Current chemotherapeutic agents have several limitations, including lack of selectivity, the development of undesirable side effects, and chemoresistance. As a result, there is an unmet need for the development of novel small molecules with minimal side effects and the ability to specifically target tumor cells. A new series of 3-phenoxybenzoic acid derivatives, including 1,3,4-oxadiazole derivatives (4a-d) and benzamides derivatives (5a-e) were synthesized; their chemical structures were confirmed by Fourier-transform infrared spectroscopy, 1H nuclear magnetic resonance (NMR), 13C NMR, and mass spectra; and various physicochemical properties were determined. The antiproliferative activities of the new derivatives were evaluated by means of the 3-(4,5-dimethylthiazol-2-yl)-2,5-diphenyltetrazolium bromide (MTT) assay. Three compounds (4b, 4c, and 4d) exhibited cytotoxicity against two of the three cell lines tested, five compounds (3, 4a, 5a, 5b, and 5e) were toxic to one cell line, while two compounds (5c and 5d) were not cytotoxic to any of the three cell lines tested in the current study. Based on docking scores, MTT assay findings, and vascular endothelial growth factor receptor 2 (VEGFR-2) kinase activity data, Compound 4d was selected for further biological investigation. Flow cytometry was used to determine the mode of cell death (apoptosis vs. necrosis) and the effect on cell cycle progression. Compound 4d arrested HepG2 hepatocellular carcinoma cells in the G2/M phase and activated both the intrinsic and extrinsic apoptosis pathways. In conclusion, Compound 4d has shown promising results for future research as a potent VEGFR-2 tyrosine kinase inhibitor.

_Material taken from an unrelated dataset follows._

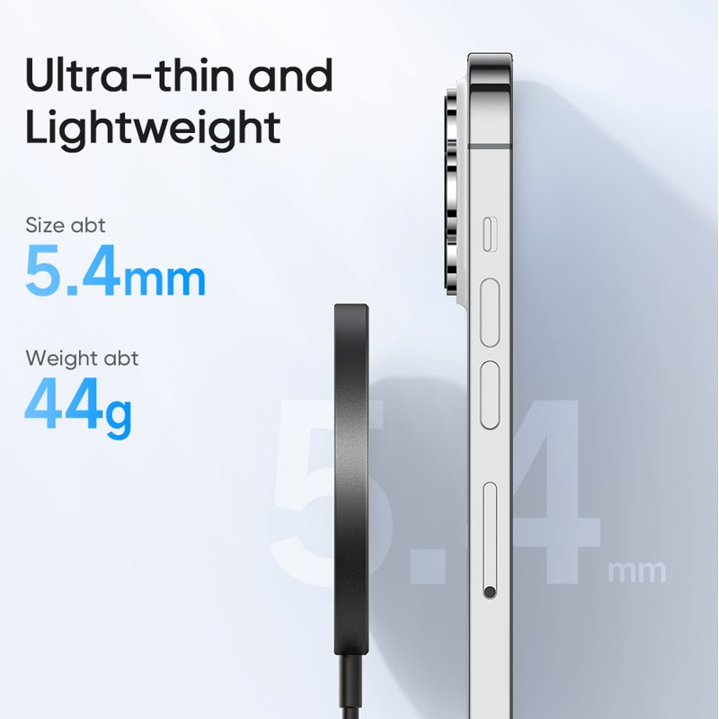 Den trådlösa laddningsplattan är designad för att vara både ultratunn och lätt. Med en tjocklek på endast 5.4 mm och en vikt på 44 g är den enkel att ta med sig. Den erbjuder snabb och effektiv laddning för din iPhone, vilket gör den till en perfekt följeslagare för din vardag.

New Indole-6-Carboxylic Acid Derivatives as Multi-Target Antiproliferative Agents: Synthesis, in Silico Studies, and Cytotoxicity Evaluation.

Epidermal growth factor receptor (EGFR) and vascular endothelial growth factor receptor (VEGFR) are commonly overexpressed in cancers making them appealing targets for cancer therapeutics. Two groups of indole-6-carboxylic acid derivatives, hydrazone derivatives targeting EGFR and oxadiazole derivatives targeting VEGFR-2, were synthesized and characterized using FT-IR, 1 H-NMR, 13 CNMR, and HR-MS techniques. Binding patterns to potential molecular targets were studied using molecular docking and compared to standard EGFR and VEGFR-2 inhibitors. The newly synthesized compounds were cytotoxic to the three cancer cell lines tested (HCT-116, HeLa, and HT-29 cell lines) as evaluated by the MTT assay. Compound 3 b (EGFR-targeting) and compound 6 e (VEGFR-2-targeting) possessed the highest antiproliferation activity, were cancer-selective, arrested cancer cells in the G2/M phase, induced the extrinsic apoptosis pathway, and had the highest EGFR/VEGFR-2 enzyme inhibitory activity, respectively. The structure-activity relationships of the new compounds showed that the presence of an aryl or heteroaryl fragment attached to a linker is required for the anti-tumor activity. In conclusion, the findings of the current study suggest that compounds 3 b and 6 e are promising cytotoxic agents that act by inhibiting EGFR and VEGFR-2 tyrosine kinases, respectively.